Giovanni Grasso has a play called OmertÀ: La Legge del Silenzio. Don Andrea has been murdered by or at the instigation of Don TotÒ (Salvatore), who is an overbearing bully, nevertheless Saru (Rosario) has been sent to prison for the crime and, during his absence, his girl has married Don TotÒ. The play opens with the return from prison of Saru, acted by Giovanni. He comes to the house of his mother, with whom Don TotÒ and his wife are living. The length of the play is provided by the disappointments attending his return: his setting up for himself and painting paladins on Sicilian carts; a scene of passionate tenderness with his mother, during which he convinces her of his innocence, but refuses to reveal the name of the murderer which he has learnt in prison; a beautiful interview with Pasqualino, his young brother, who shows he is the right sort of boy by declaring of his own accord that he hates Don TotÒ; a magnificent interrupted quarrel with Don TotÒ, and scenes with the police and with the priest to whom Saru refuses to give any information about the murder. Towards the end Saru staggers in wounded. They all try to make him tell the name of his murderer, but he will not. Finally, he is left alone with Pasqualino to whom he gives his revolver with these dying words:
“For Don TotÒ, when you shall be eighteen.”
Pasqualino understands, kisses the pistol and accepts the obligation, saying:
“I will see to it.”
The others return and ask Pasqualino whether Saru told him anything before he died, and Pasqualino, concealing the pistol in his bosom as the Spartan boy concealed the fox, bravely answers:
“Nothing.”
One may object to the play on the ground that it breaks off instead of coming to a conclusion—one is left wishing to see Pasqualino, grown up and acted by Giovanni, executing the vendetta—but it is a good play and shows what is meant by omertÀ. The dramatic critic of the Times (2 March, 1910), on the morning after Giovanni produced it in London, opened his notice of it thus: “OmertÀ must make things very difficult for the Sicilian police.” This is precisely what they intend.
Without omertÀ the mafia would hardly flourish, and the mafia is not so easy to understand. I suppose the reason why Sicilians explain it badly is that they understand it too well. The inquiring outsider cannot see the trees for the wood, and the explaining insider cannot see the wood for the trees. They labour to make clear things with which I am familiar, and take for granted things which are strange to me, treating me rather as my father treated the judges before whom he was arguing some legal point. Their lordships interrupted him:
“Yes, Mr. Jones, you say this is so and that is so, but you do not produce any authority in support of your statements.”

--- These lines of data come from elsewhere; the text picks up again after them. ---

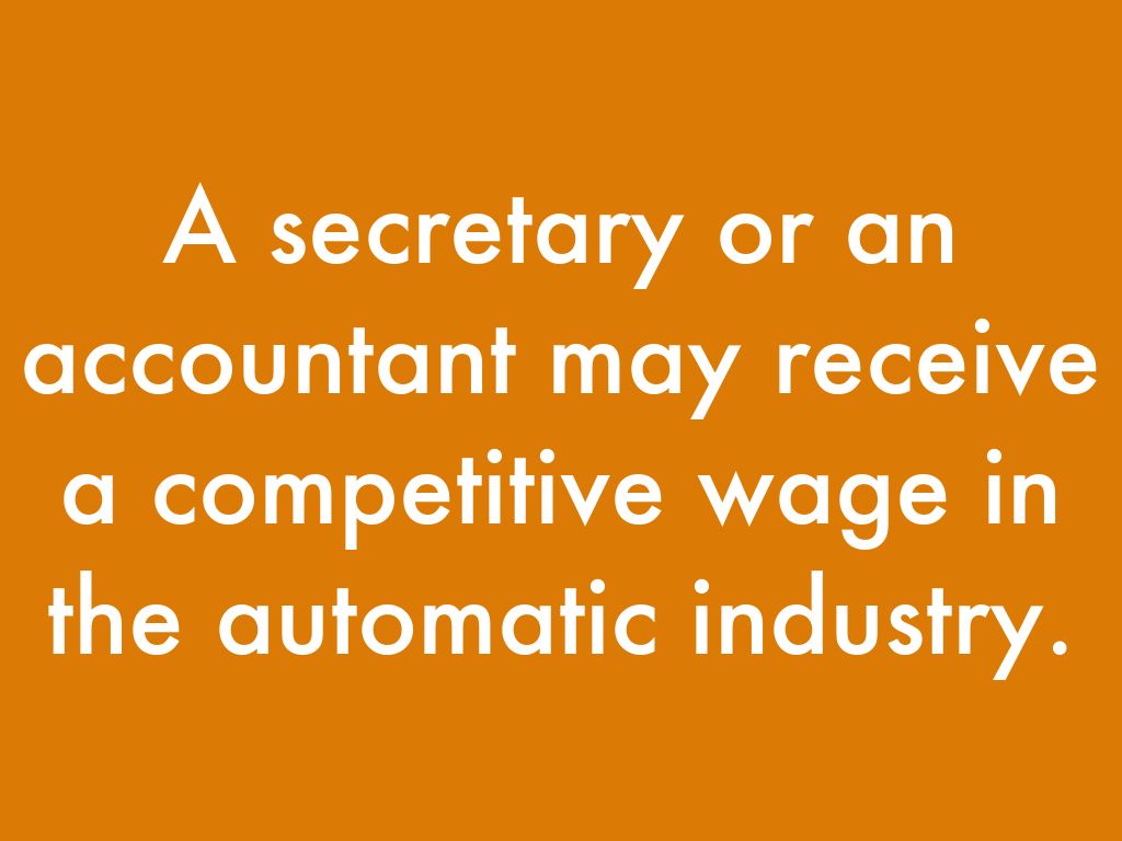 A secretary or an accountant may receive a competitive wage in the automatic industry.
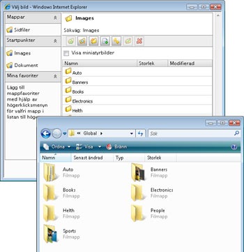 Documents - is an example of a public folder structure where EPiServer version of the files is enabled. This means that an editor can handle multiple versions of the same document / file in File Manager. Through integration with MS Office, you can edit documents directly from the file manager and save it as a new version. This kind of folder is also common to store documents in if you are using EPiServer templates for Work Rooms.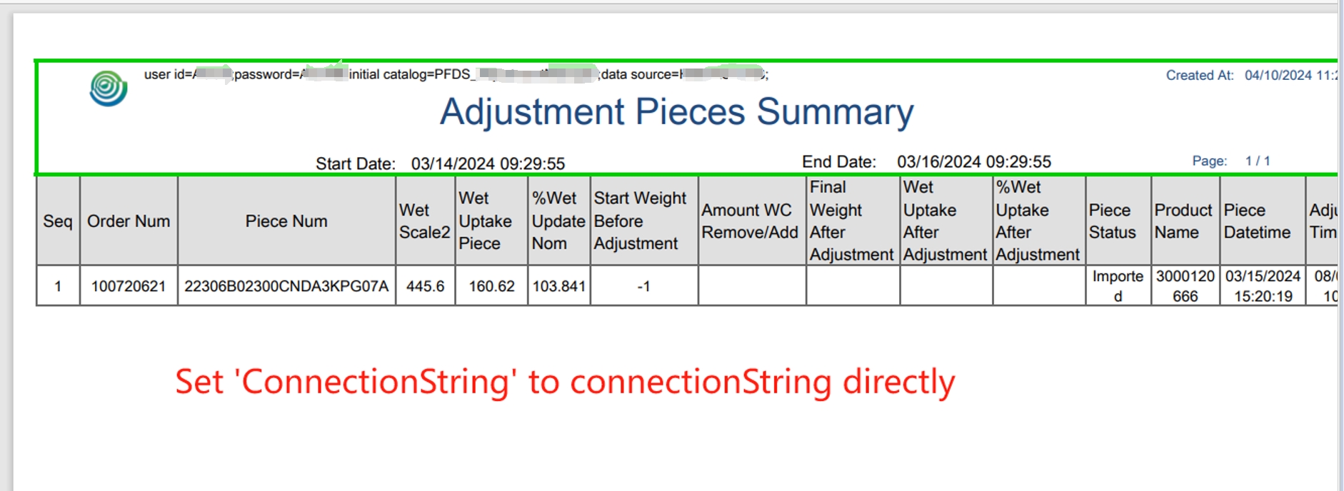But when I set the connection string to the property 'ConnectionString' , it worked. And I tested the parameter rendering, it's also OK. Pls refer the success.png.

“Authority, my lord?” exclaimed my father, as though perhaps he might have forgotten something: then, leaning over the desk, he said, in a stage whisper: “Usher, bring me Blackstone—or some other elementary work.”
Thus we do not make much progress, but by degrees one picks up a few ideas about it.
My friend Peppino Fazio, of Catania, allowed me to copy and translate part of an article he wrote in a newspaper. He is speaking of Palermo as long ago as 1780:
The Albergheria was the quarter that harboured those men who were most ready with their hands and most quarrelsome; they were expert also in using their knives, with which they fenced by rule and according to art; they obeyed a certain code of chivalry of their own, not permitting the weak or the unarmed to be bullied, treating as criminals those who used fraud and treachery, and not brooking the intervention of the police. They were men whom an exaggerated sentiment of honour and of individual courage had decoyed from the path of social conventions, but in whom there was a fundamental notion of right conduct and a generosity at times magnanimous. They held each other in great mutual respect, free from any element of servility or cowardice, not recognising grades, nor conferring any right to command—a respect that was the more profound according as its object was the more distinguished for acts of valour and grandeur of soul. It was the tacit homage that one pays to heroes, poets, artists and to every kind of genius.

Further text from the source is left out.